N.M. seeking ideas for how to spend Gold King Mine settlement, but no direct cash to individuals

New Mexico is accepting requests to help disburse $10 million in settlement funds from the 2015 Gold King Mine spill that yellowed rivers and caused immense economic and environmental damage to the region.

However, some lawmakers in northwest New Mexico questioned why the funds can only be given to governments or nonprofits on behalf of those affected, not directly to farmers or others individually affected by the spill, during a legislative session on Tuesday.

State officials tasked with administering the settlement cited the state’s anti-donation clause as the reason. But they said the programs they hope to fund will help restore the watershed and trade in the region.

On August 5, 2015, Environmental Protection Agency contractors monitored seepage at the abandoned Gold King Mine near Silverton, Colorado. They excavated an area over a mine opening, and the bedrock collapsed, releasing 3 million gallons of waste into a tributary of the Animas River.

NM Reaches $32M Settlement for 2015 Gold King Mine Spill That Yellowed Animas River

The water, contaminated by tailings from gold mining that ended in the 1990s, flooded the Animas River and San Juan River watersheds, turning their waters bright yellow. The residues contained heavy metals such as cadmium and lead, as well as other toxic elements such as arsenic, iron and copper.

The communities in the Four Corners suffered in big, measurable ways as the cloud drifted down the river. Farmers on the Navajo Nation and in areas around Farmington could not irrigate. No one used the river for recreation or fishing.

Since the 2015 oil spill, tribal and state leaders in Colorado and New Mexico have filed multiple lawsuits seeking damages from the mine owners, EPA contractors, and the EPA. In June, world leaders gathered in Farmington to announce a $32 million settlement with the EPA.

The water is now safe for farming or recreational use, but leaders say a stigma remains that continues to hurt farmers and keep tourists away.

Under the settlement agreement announced in June, the United States will reimburse New Mexico $18.1 million for emergency response costs, $10 million for natural resource restoration, and an additional $3.5 million for improvement of state water quality and purification. The Navajo Nation also received a separate $31 million settlement.
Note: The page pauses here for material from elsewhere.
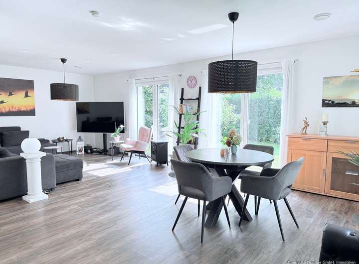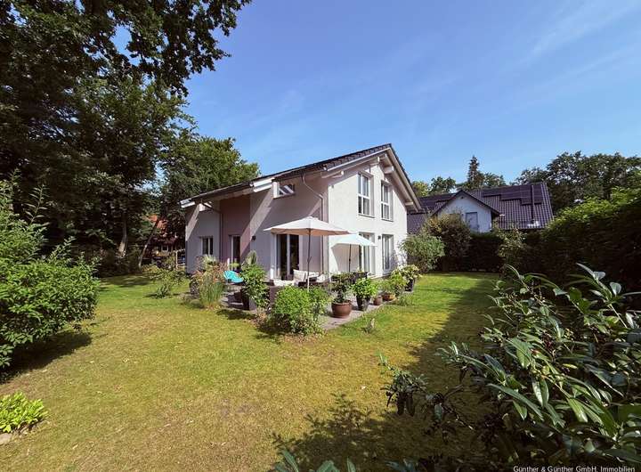 An einer verkehrsberuhigten Straße gelegen, zeichnet sich dieses attraktive Objekt durch eine durchdachte, offene und lichterfüllte Konzeption und eine hochwertige Ausstattung aus. Das freistehende Einfamilienhaus aus dem Jahr 2014 begeistert mit zeitloser Architektur und besitzt Neubaucharakter. Eine ideal ausgerichtete Sonnenterrasse bieten lauschige Sitzplätze mit Blick ins Grüne.

Of the state funds, the $10 million restoration will be overseen by Maggie Hart Stebbins, New Mexico Trustee of Natural Resources.

The money is available to local governments and state agencies to restore or replace natural resources or services they provide, including outdoor recreation and agriculture. According to an Aug. 12 press release from Stebbins’ office, non-governmental organizations are encouraged to work with public authorities.

The New Mexico Natural Resources Trustee has also already identified four $1 million projects it received from an $11 million agreement with mining companies whose backlogs caused the chaos. These projects include soil restoration in San Juan County, an irrigation system project in the Tse Dáá K’áán Chapter, a new boat ramp on the Animas River, and a farmers’ market pavilion in Farmington.

At a legislative hearing on the settlement this week, Rep. Anthony Allison (D-Fruitland) said he keeps hearing about individual farmers and families who are suffering and wonders why the settlement money isn’t just going directly to them could.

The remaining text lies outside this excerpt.